Contracts have been signed for the redevelopment of Wickford railway station in Essex, which currently has rows of hoardings and a temporary ticket office.

Plans were first unveiled to transform it in 2020 but were derailed by the Covid-19 pandemic, said Greater Anglia.

The project will provide a new ticket office, waiting facilities, and toilets.

Trevor Hammond, the Wickford Independents councillor for Wickford North at Basildon Council, said: "It's been planned for quite a while.
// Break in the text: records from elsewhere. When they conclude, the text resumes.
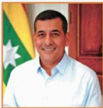
Dr. Dumex Turbay Paz Alcalde Mayor de Cartagena de Indias

El alcalde de Cartagena, Dumex Turbay, aseguró que la tarifa de Transcaribe no subirá en 2025, a pesar del déficit financiero que enfrenta el sistema de transporte masivo. La declaración la dio luego de que Ercilia Barrios Flórez, gerente de TRANSCARIBE, sugirió que un incremento en el pasaje era necesario para cubrir los crecientes costos operativos, particularmente debido al aumento en el precio del combustible que utiliza la flota de buses.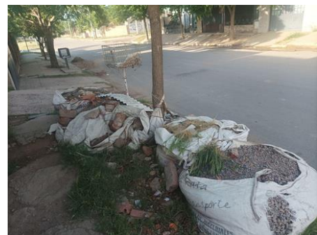
Figura 5. Arbolado del barrio Santa María de las Pampas (Santa Rosa, La Pampa, Argentina). Agresión urbana: Residuos de obra próximos a la base de un ejemplar censado.

Figure 4. Urban tree population in the Santa María de las Pampas neighborhood (Santa Rosa, La Pampa, Argentina). Tree showing improper pruning intervention.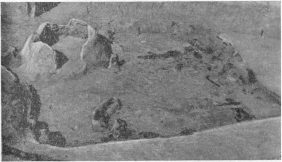
Рис. 3. Житло в західній частині городища.

I liked the old ticket office and didn't think it should have been knocked down. It's good we will get another ticket office. It's awful not having one.

"I think it's still important to have ticket offices for a number of reasons. Some people may not know where they are going or how to pay for tickets using machines."

Martin Beable, managing director for Greater Anglia, told the Local Democracy Reporting Service the contract for the new station had been signed and more details on the delivery scheme were due to be released in the spring.

Mark Francois, Conservative MP for Rayleigh and Wickford, said he had been campaigning for almost three years to get the station rebuilt.

"I warmly welcome the news that a contract to achieve this has now, finally, been signed, between Greater Anglia and Walker Construction," he said.

"My constituents in Wickford deserve a modern station and I'm pleased that work on this project will now commence in just a few months' time."